Böyle seslendi Bursa’dan, doğup büyüdüğü topraklara, onu sevenlere ses sanatçısı, şair, yazar ve tiyatro sanatçısı Hafize Beysim Gün. Kendisiyle 50 yıla sığamayan Razgrad Estrad Tiyatrosu sahnesinde başlayıp Bulgaristan Radyosu studyosundan geçip Bursa Ahmet Vefik Paşa Devlet Tiyatrosu sahnesine kadar uzanan sanat serüvenini konuştuk.
Bugün de konuk sanatçı olarak üstlendiği rolleri anlattı, eskiden Bulgaristan’ın en küçük köylerinden en büyüğüne kadar Razgrad tiyatrosu ile yaptığı turneleri anılarında canlandırdı, yıllar önce Bulgaristan Radyosunun Birinci studyosunda söylediği türkülerinin izini sürdü, rahmetli Osman Aziz ile söylediği “Nadideyim nadidem” türküsünün hikayesini bir kez daha paylaştı.
Anılar birbirini takip ederken Hafize Beysim Gün’ün (Hafize Beysimova) her sözünden memleket kokusu, Bulgaristan sevdası aktı, gitti, sel oldu.
Özellikle Bulgaristan Radyosu dinleyicilerinin gönlünde taht kuran Hafize Beysim Gün ile yaptığımız röportajı şiirleri süsledi, bizler ise programımnız onun türküleriyle süsledik...ve sevilen türküsü programıza başlık ettik:“Evimin önü derin bir kaynak”. Başlık olarak seçtiğimiz türkü aldı başını gitti, ardından “Benim yeleğim gibi yarim sana öreyim”, “Irmak kenarında bir ulu meşe”, “Şu karşıki dağda bir fener yanar”, “Ağlarım inlerim gurbet ellerde...” ve niceleri.

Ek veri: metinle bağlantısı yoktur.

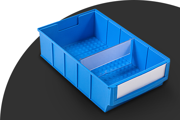 Industrieboxen gleicher Breite (entweder 183 mm oder 91 mm) sind auch bei unterschiedlichen Längen (z.B. 300 mm, 400 mm sowie 500 mm) aufeinander stapelbar. Die außenliegenden Fixierungen der Trennstege verringern das Verletzungsrisiko beim Herausnehmen von Teilen.
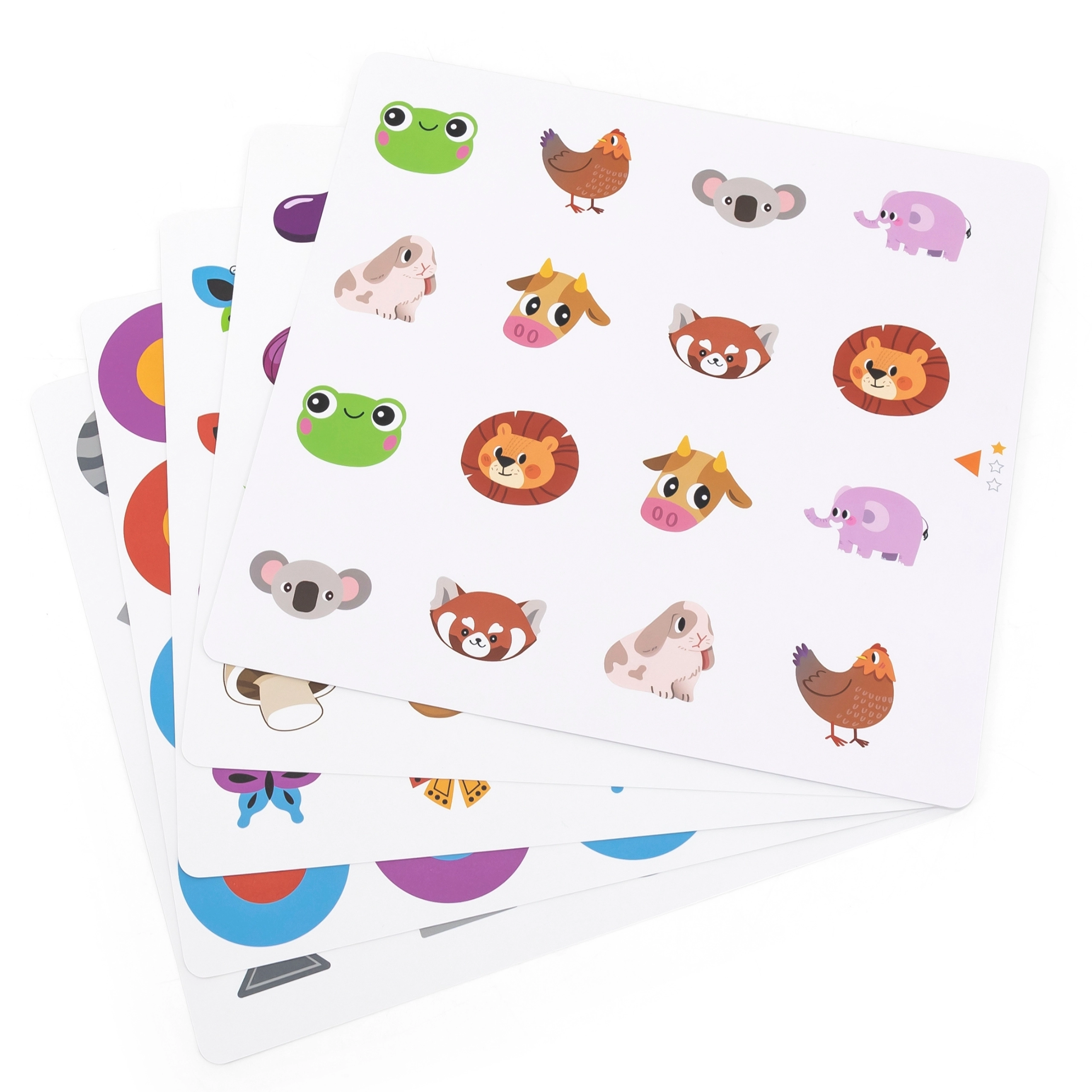 Súčasťou je 10 obojstranných kariet s rozmanitými motívmi (zvieratá, predmety, rastliny). Jednoducho ich vymeníte a prispôsobíte témy aj náročnosť veku dieťaťa.
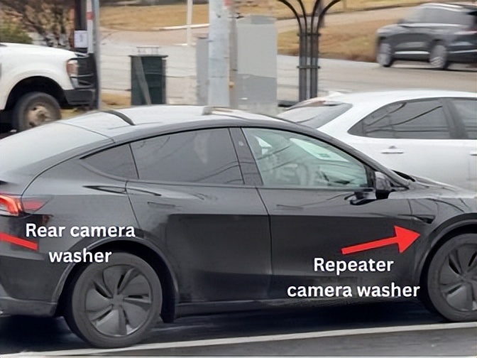 据汽车媒体notateslaapp近日曝光的图片和视频显示,在美国奥斯汀路测的Model Y Robotaxi车队,早已超越此前仅在后视摄像头配备清洗装置的配置,将主动清洁机制覆盖至所有外部摄像头。要知道,侧视重复转向灯摄像头(side repeater fender camera)作为消除行车盲点、辅助变道转弯的核心传感器,B柱摄像头则承担着侧方环境感知的重要职责,这些摄像头的视野清晰度,直接决定了自动驾驶系统的决策准确性。
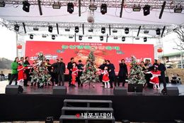 (내포투데이) 달콤한 곶감의 맛과 미리 만나는 크리스마스의 설렘이 어우러진 ‘2025 논산양촌곶감축제’가 12일부터 14일까지 3일의 겨울 여행을 마치고 성황리에 막을 내렸다. 논산시는 지난 12일부터 14일까지 양촌면 양촌리 체육공원 일원에서 열린 이번 축제에 13만여 명의 방문객이 다녀가며, 겨울을 대표하는 이색 축제로서의 명성을 재확인했다고 밝혔다. 축제의 첫날인 12일에는 ‘크리스마스’와 ‘곶감’을 결합한 이색적인 콘텐츠가 관람객들의 눈길을 사로잡았다. 곶감으로 장식된 대형 크리스마스트리가 점등되며 축제의 시작을 알렸고, 대표 인기 프로그램인 ‘모락모락 바비큐 존’은 장작불에 메추리와 떡갈비, 밤을 굽는 냄새로 방문객들의 발길을 이끌었다. 2일 차인 13일에는 비가 내리는 궂은 날씨가 이어졌지만, 축제의 열기는 식을 줄 몰랐다. 주무대에선 관람객들이 빗속에서도 춤추고 호응하며 낭만적인 ‘빗속 축제’를 즐기는 진풍경을 연출했다. 마지막 날인 14일에는 다시 맑게 갠 날씨 속에서 축제가 활기를 되찾았다. 곶감 판매장과 크리스마스 마켓, 각종 체험 공간 앞에는
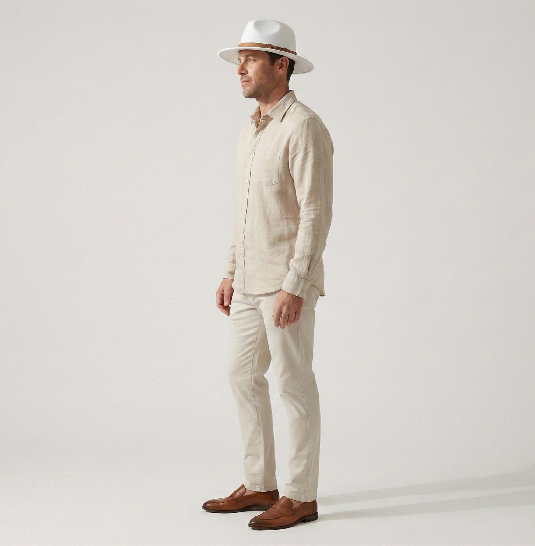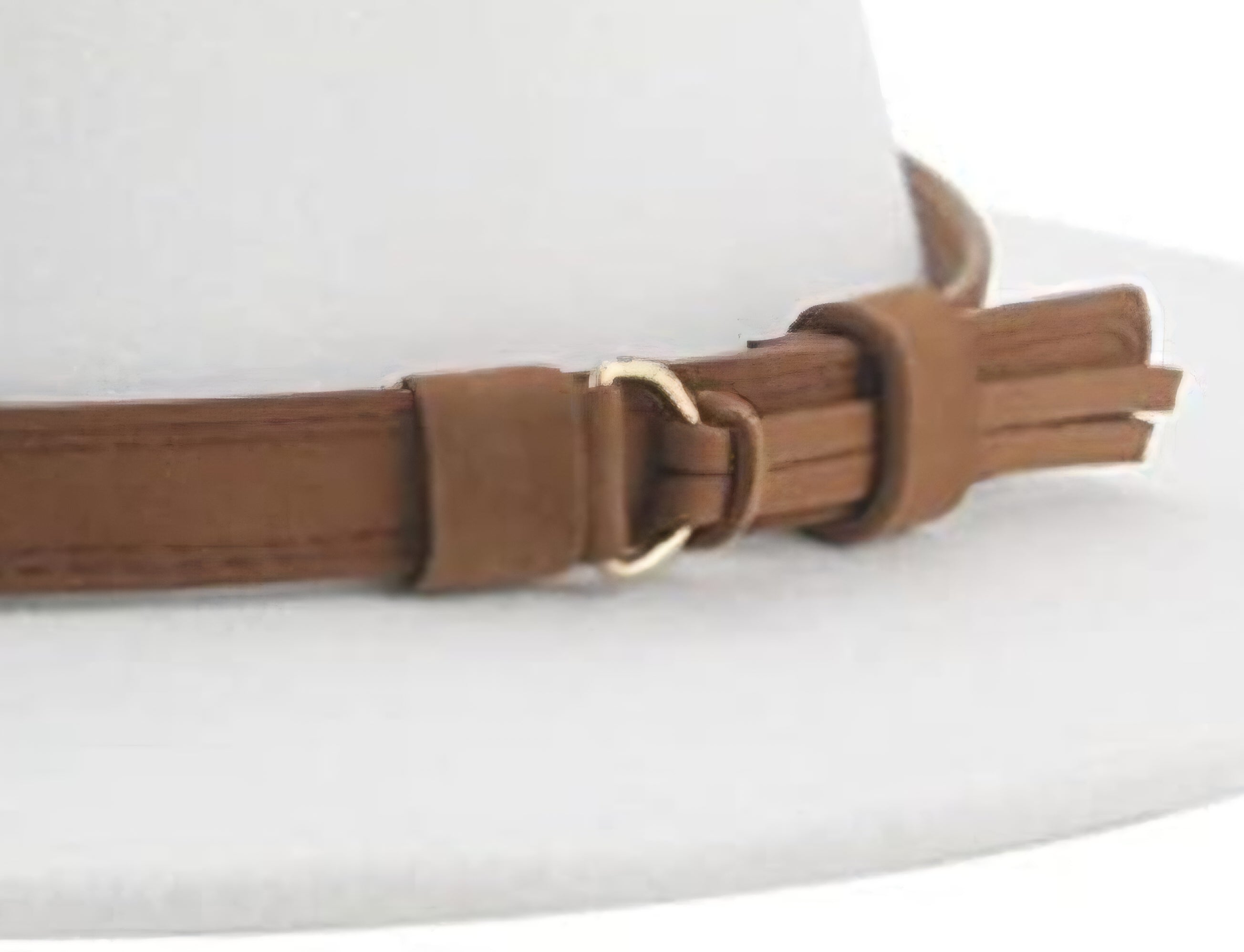 Le modèle Alfredo s'impose comme une pièce de mode structurée. Son contraste entre feutre blanc immaculé et ceinture effet cuir noisette à boucle crée une allure "gentleman" instantanée. Parfait pour les grandes occasions estivales : White Party, mariage chic ou pour sublimer un ensemble en lin beige. Pour les hommes qui soignent chaque détail.
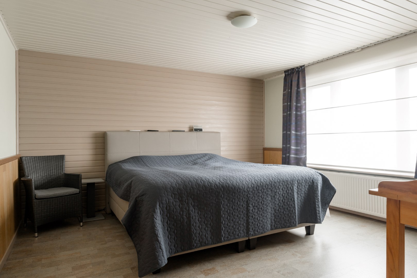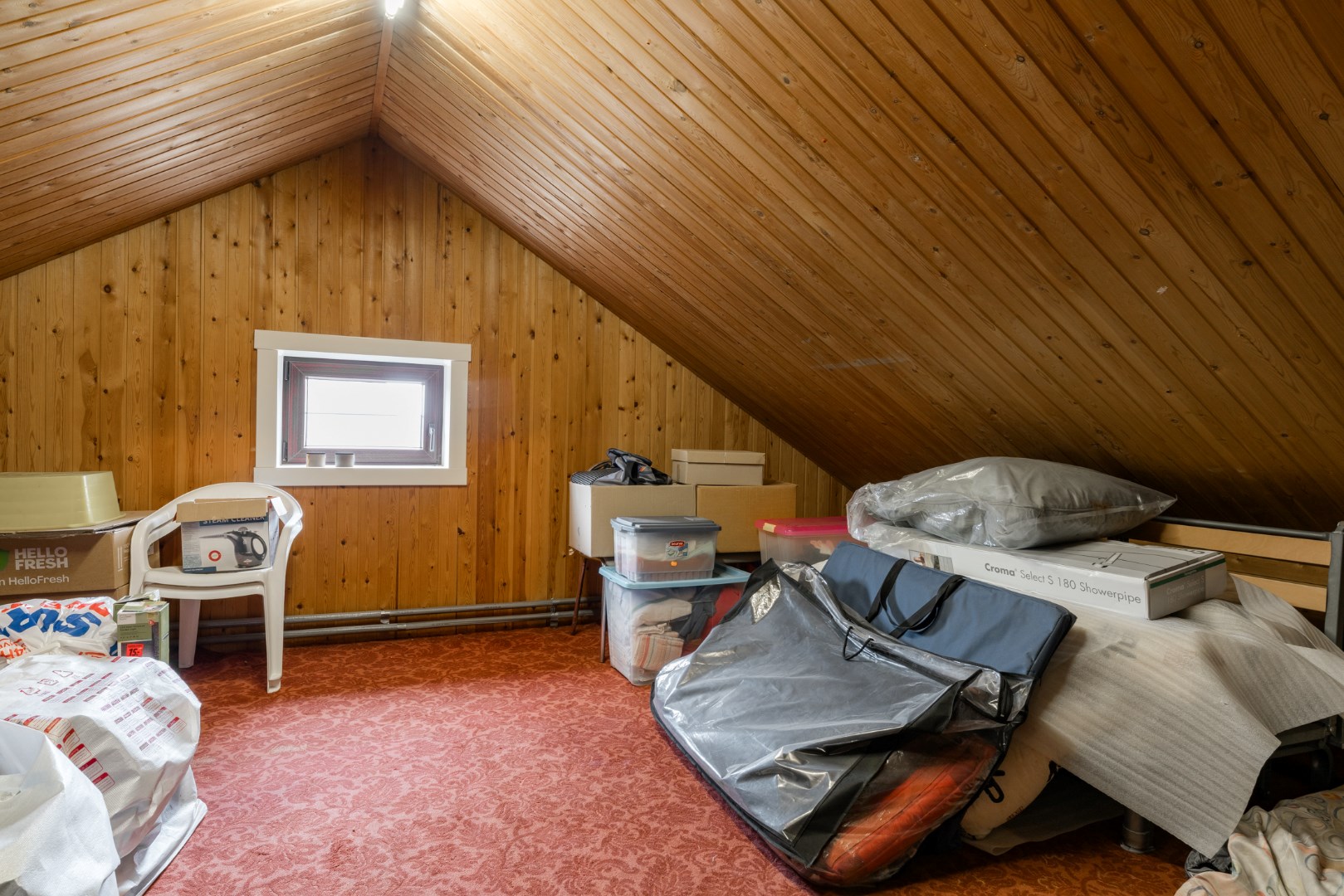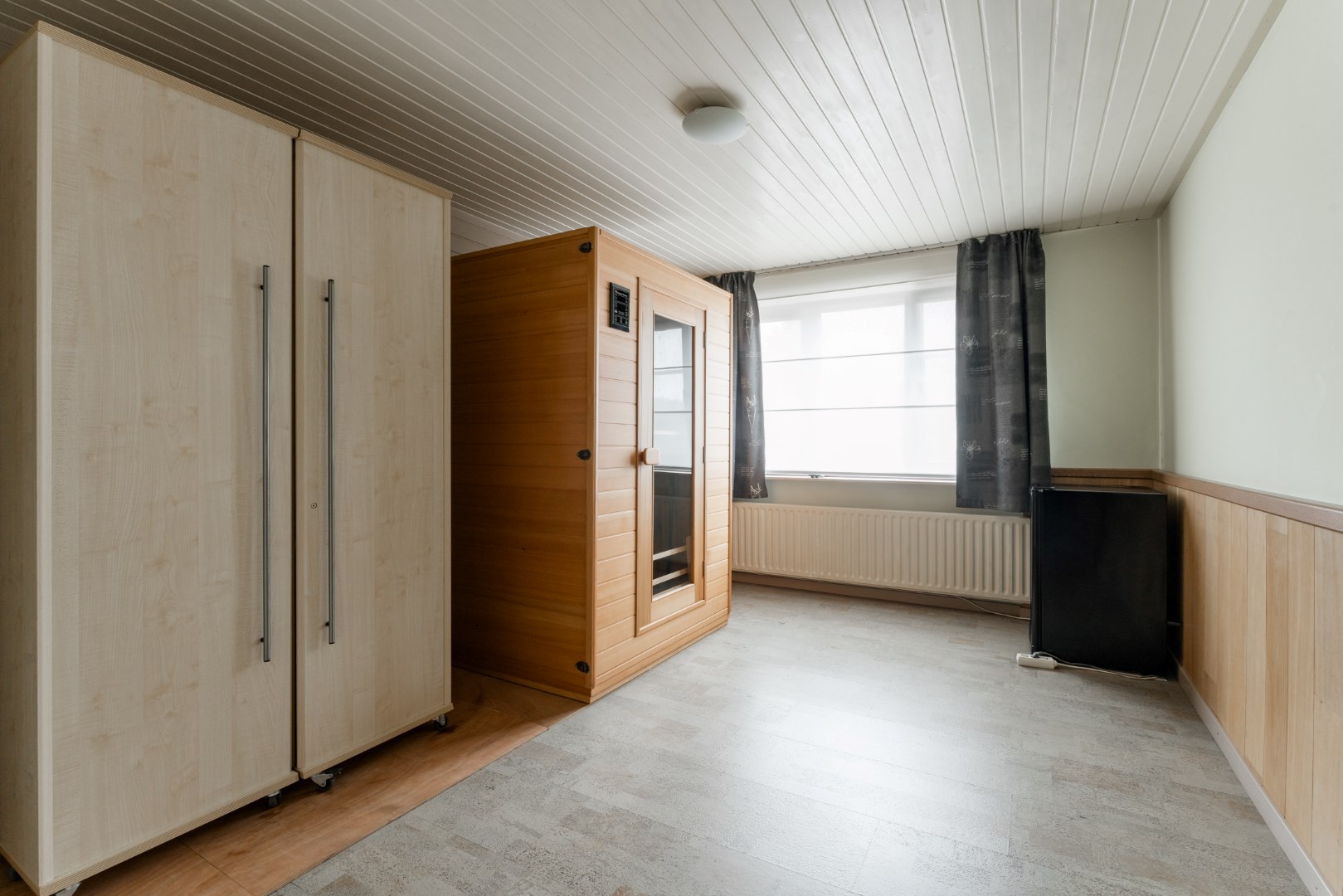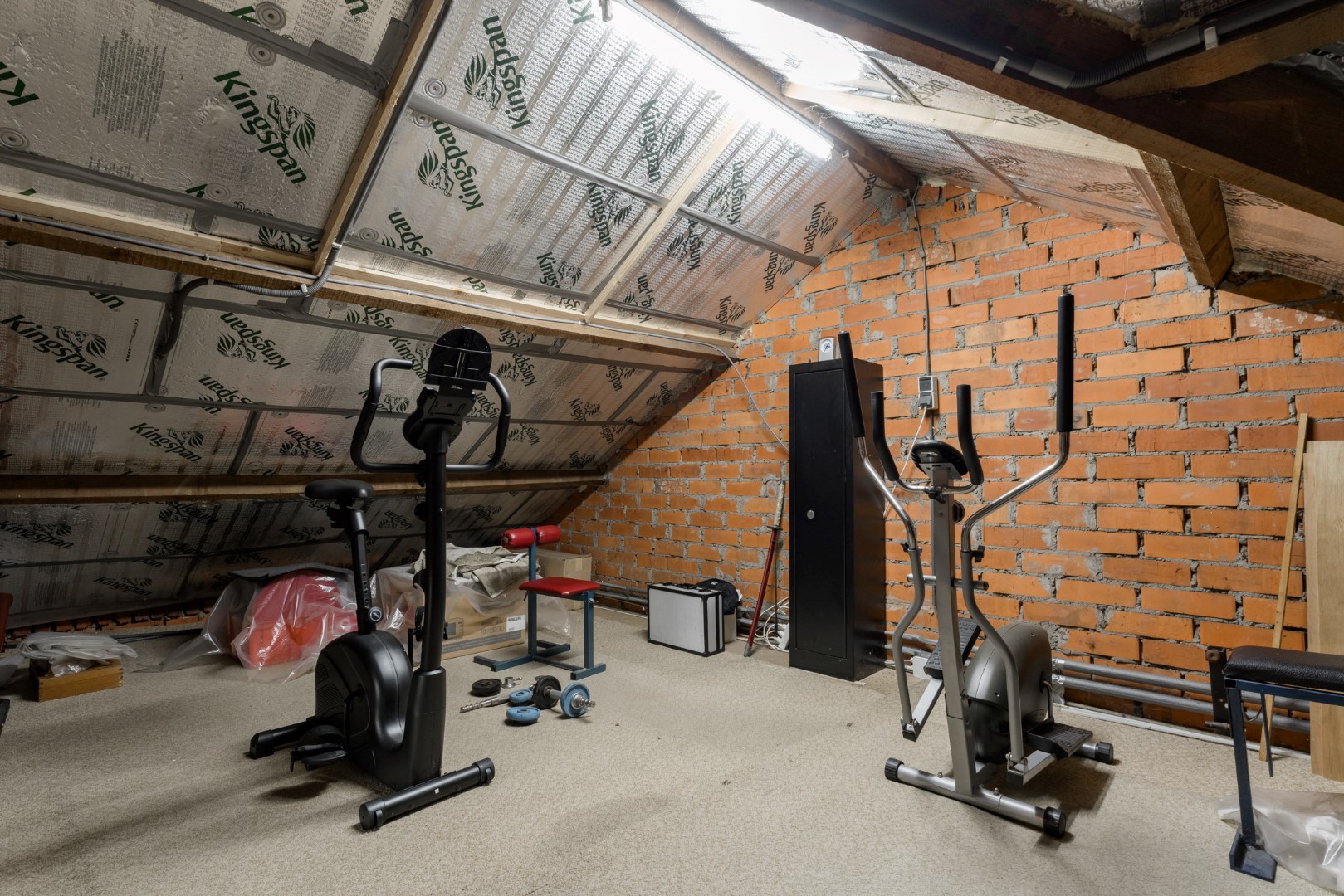 Vervolgens is er een vaste trap geplaatst naar het verdiep. Hier vinden we nog een slaapkamer terug, alsook een sportruimte en bergruimte.

“İşte böyle değerli kızkardeşimiz Hafize Gün...Seni Bulgaristan’da hep o eski adınla, Hafize Besim olarak biliyor bütün sevdiklerin.”Beysim” kelimesinin sözlük anlamı bir bakıma da “Gün” anlamına gelmiyor mu zaten... Güler yüzlü... Yani gün gibi parlak...Hani bilirsin ya, şarkıda da dendiği gibi “Gün gibi parlaki ay gibi doğanım geliyor...”
“Ümit” dergisi baş yazarı değerli hocamız Yusuf Kerim’le tanıtalım seni dergi okurlarına dedik. Dedik ama, biraz da utandık dediğimizden... Kime tanıtacaktır seni?... Sofya Radyosu’ndan her gün senin türkülerini isteyenlere, istemedem de seve seve dinleyenlere mi? Sana olan sevgileri, senin kendi deyiminle “Garip hastalık” haline gelmiş insanlara mı...Gönül ister ki, ömür boyu kurtulma sevmek denen bu garip hastalıktan, Hafize kızkardeş!
Seni sevenlerden sevgiler, sevgiler, gene de sevgiler!